For those who don't know, explain the concept behind Dear Kate.
It took almost two years to develop the initial line of underwear created at Dear Kate. Using my degree in chemical engineering, I designed a three-layer patent-pending blend of fabrics that lined every pair of our underwear, and subsequently, yoga pants. The inner layers are moisture-wicking and stain-releasing so you never need to soak or scrub garments at the end of the day. The outer later is silky soft and provides an extra layer of leak-resistant protection for everything from cardio to periods. In addition to being super comfortable, the lining is breathable and all pairs are machine-washable.
What inspired you to solve the problem of period stains?

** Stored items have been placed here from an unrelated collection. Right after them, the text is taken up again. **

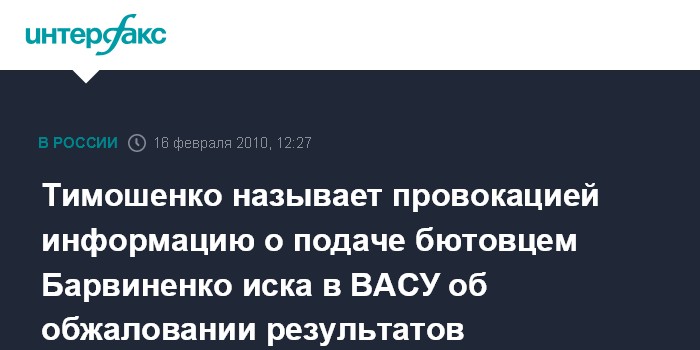 Москва. 16 февраля. INTERFAX.RU – Премьер-министр Украины Юлия Тимошенко, принимавшая участие в президентских выборах в качестве кандидата, называет провокацией информацию о подаче народным депутатом от БЮТ Виталия Барвиненко иска в Высший административный суд Украины об обжаловании результатов президентских выборов.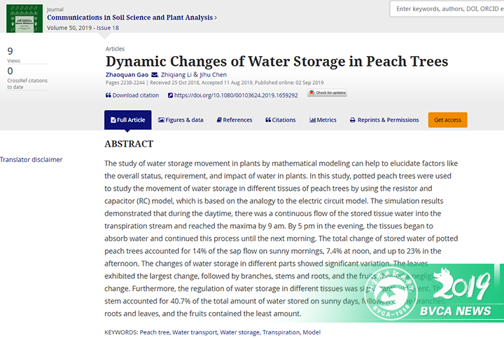 日前,园艺系高照全老师等人所作的“Dynamic Changes of Water Storage in Peach Trees”一文被国际重要期刊“Communications in Soil Science and Plant Analysis”接受刊发。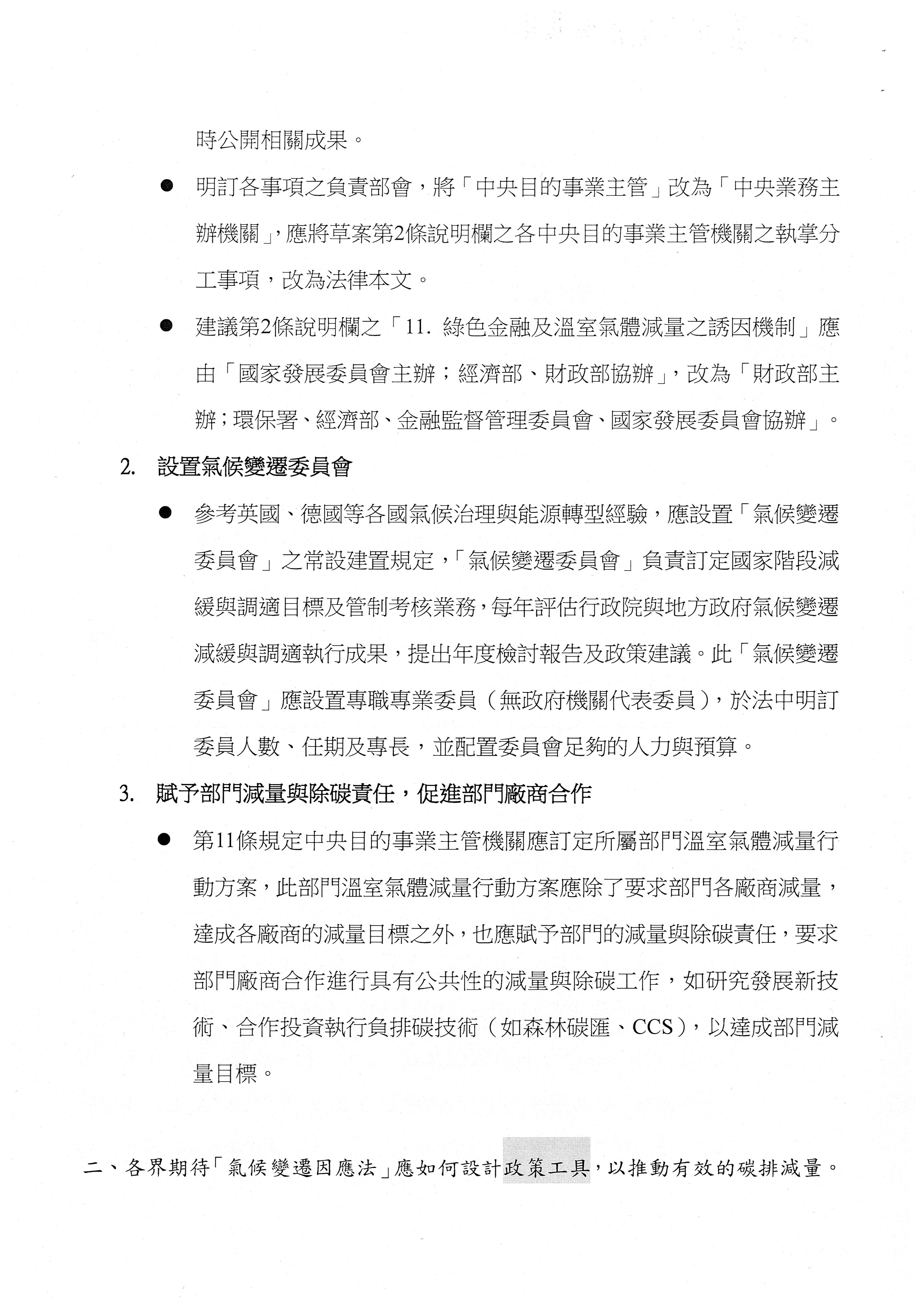 一、此次「氣候變遷因應法」應如何修法,以完善氣候治理的組織設計及權責分工。
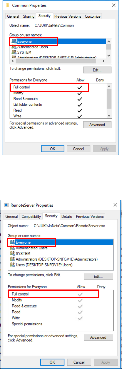 “Everyone,” and then check the “Allow” check box for the setting item “Full control.”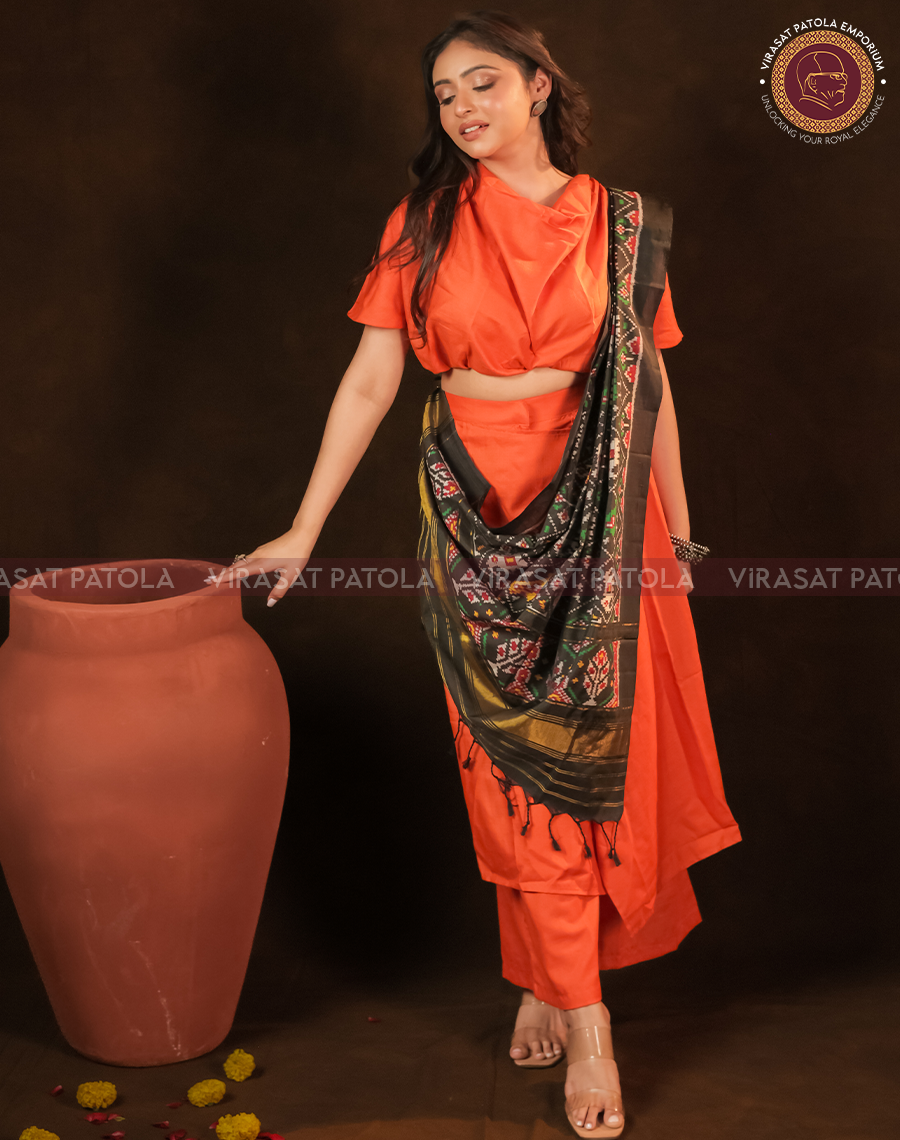 Elevate your attire with our exquisite Semi Ikkat Patola Dupatta, featuring the timeless Nari Kunjar design in vibrant Black hues, accented with a captivating attractive border.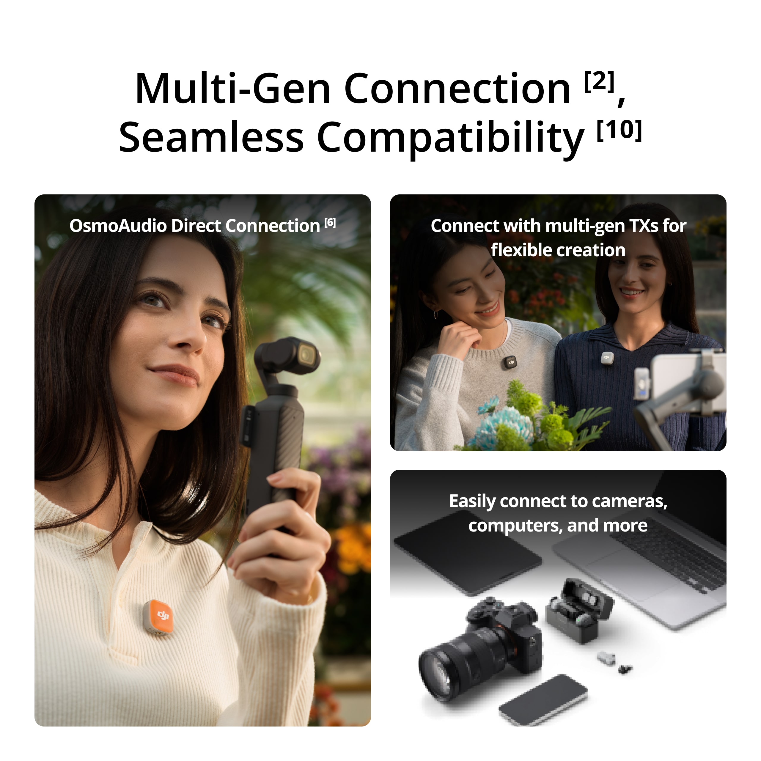 Ngoài ra, sản phẩm hỗ trợ hệ sinh thái OsmoAudio, cho phép transmitter kết nối Bluetooth trực tiếp (không cần receiver) với: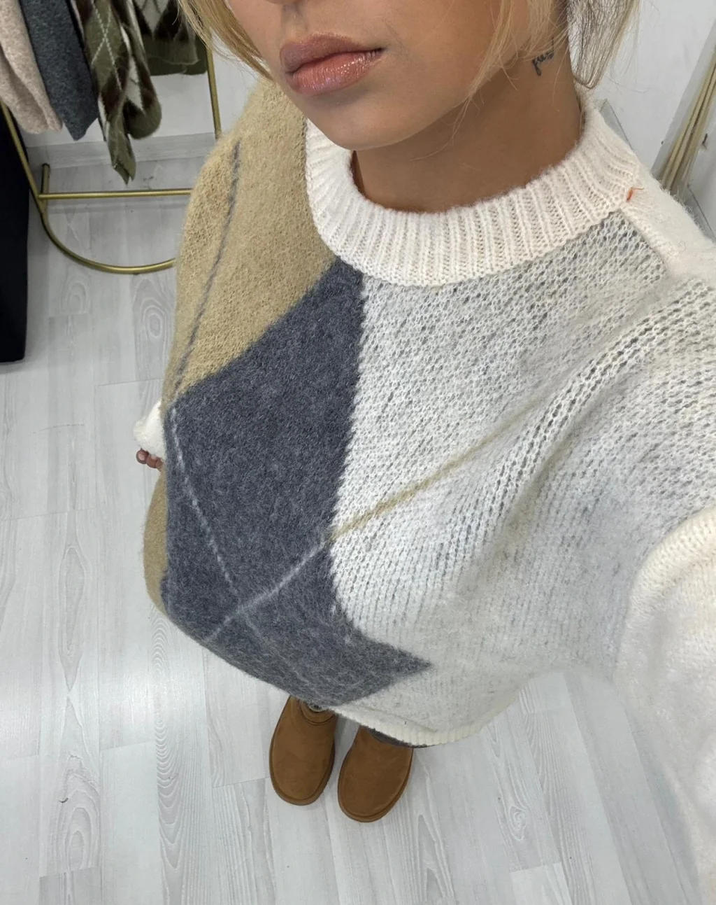 Oversize Yüksek Yaka Baklava Desenli Triko Kazak - Krem/Camel/Gri, klasik argyle desenini nötr ve zarif renk tonlarıyla yeniden yorumlar. Bej, krem ve grinin sofistike uyumuyla kolay kombinlenen, şık ve sıcak bir kış parçasıdır.

My junior spring in college I took an elective entrepreneurship class and our professor tasked us with writing a business plan that offered a solution to an everyday problem. The two other girls in my group and I started brainstorming and realized that every woman has a horror story from that time of the month, even though at that time, no one ever talked about period issues. Given the many new innovations in textiles, we wondered why no one was creating better underwear for women. Wouldn’t it be cool to create a revolutionary stain-and-leak-proof fabric that is built into a beautifully designed pair of underwear? It would mean no more reaching for the reject pairs we all had in the back of our underwear drawer. After receiving positive feedback from friends (and posting surveys in the women’s bathroom stalls on campus asking for feedback), we compiled the data to back up our claim to our professor that, yes, there was indeed a need for our pioneering underwear. And then we decided to try to bring it to life.

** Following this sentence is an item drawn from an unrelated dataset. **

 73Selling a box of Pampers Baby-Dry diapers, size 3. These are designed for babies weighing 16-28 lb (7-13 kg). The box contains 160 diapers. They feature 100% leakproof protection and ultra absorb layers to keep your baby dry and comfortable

It seems mad to me that it's taken this long for someone to develop this product, why do you think it is that no one looked into solving this problem before?

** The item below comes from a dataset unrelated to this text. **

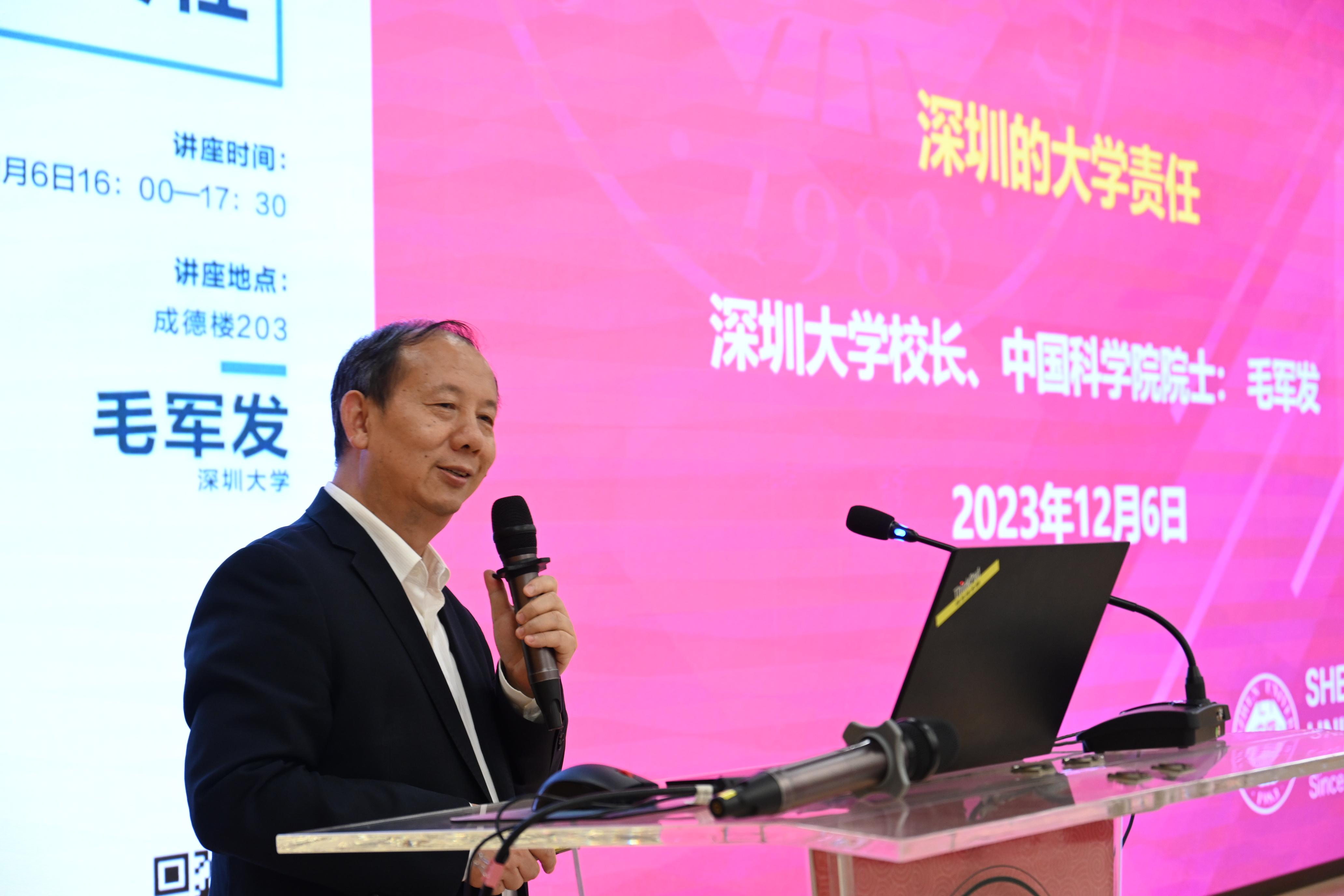 “在国家建设历程中,一流大学担当着怎样的责任?深圳高校又应如何担当起时代重任?”12月6日下午,“深中大讲堂”座无虚席,芒果体育校长、中国科学院院士毛军发应邀开展讲座,他以“深圳的大学责任”为题带来了精彩一课。深圳中学校长朱华伟、副校长娄俊颖出席活动。深圳中学近600名师生聆听了本次讲座。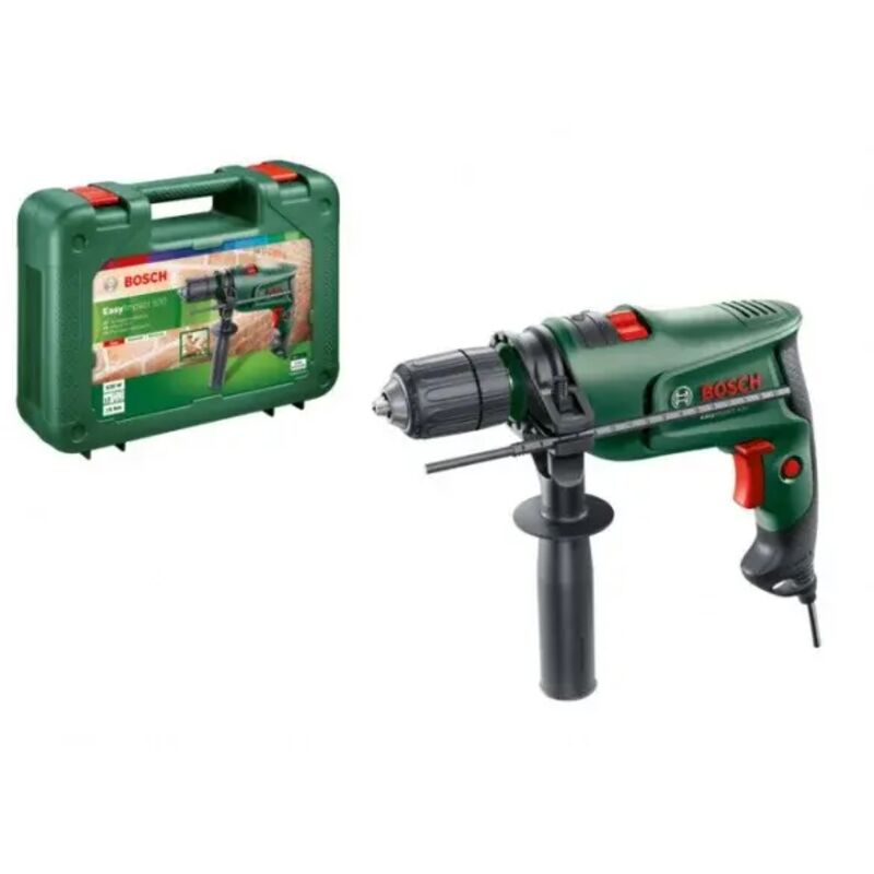 Il trapano a percussione EasyImpact 630 Bosch 0603133100 è un utensile a corrente ideale per forare con precisione in svariati materiali.Questo trapano battente della linea Bosch Hobby è perfetto per lavori non gravosi di foratura su legno, muratura, calcestruzzo o metallo. Il potente motore di cui è dotato eroga potenza pari a 630 W, garantendo una velocità a vuoto fino a 3000 giri e 48000 colpi al minuto. Estremamente leggero e maneggevole, questo elettroutensile risulta versatile ed utilizzabile anche per lavori sopra testa.Il trapano a percussione EasyImpact 630 Bosch 0603133100 è fornito con impugnatura supplementare, asta di profondità e valigetta. Tipologia: Trapano battente Alimentazione: Corrente Potenza: 630 W Serie: Bosch Hobby Capacità: Legno 25 mm, Muratura 12 mm, Acciaio 10 mm Colpi al minuto: 48000 colpi/min Velocità a vuoto: 0 - 3000 giri/min Coppia di serraggio: 15 Nm N. velocità: 1 Mandrino: Autoserrante Capacità mandrino: 2 - 13 mm Percussione: Sì

I think there is little incentive profit-wise for large companies making pads and tampons to innovate in this area because they are quite satisfied with the status quo of disposable products. The thought of innovating to provide a reusable option that would replace pantiliners like our product didn't make sense financially, and of course, many of the innovation leads at large corporations are male. The manufacturing and textile worlds are also male dominated and it was fascinating as I spoke with potential textile partners how many assumed that I wouldn't understand detailed processes. It wasn't until I mentioned my degree in chemical engineering that they would be willing to go into detail about the technical specifics of different fabrics. So there were a lot of barriers to making the actual product, particularly in the way we did which doesn't require the use of a plastic polyurethane film like many of the competitors that came after us.
Do you think the taboo around periods is changing?
Absolutely. When I first started doing research on our fabric, it was 2008. Compared to now, that time could be called the "Dark Ages" of periods. Many people, even women, didn't know how to react when I explained that our underwear designed to act as a backup for regular period supplies. Some immediately changed the subject and others tentatively asked for more details. The first line, called Sexy Period, launched in early 2011 and you can imagine the issues people had with our name. A journalist interviewed me for two hours for a feature article in a newspaper that shall remain nameless, only to later be told that the story was too controversial to print because of our name. In 2012 we rebranded to Dear Kate as we realized that many customers were wearing the underwear when they worked out and on an everyday basis, not just during their period.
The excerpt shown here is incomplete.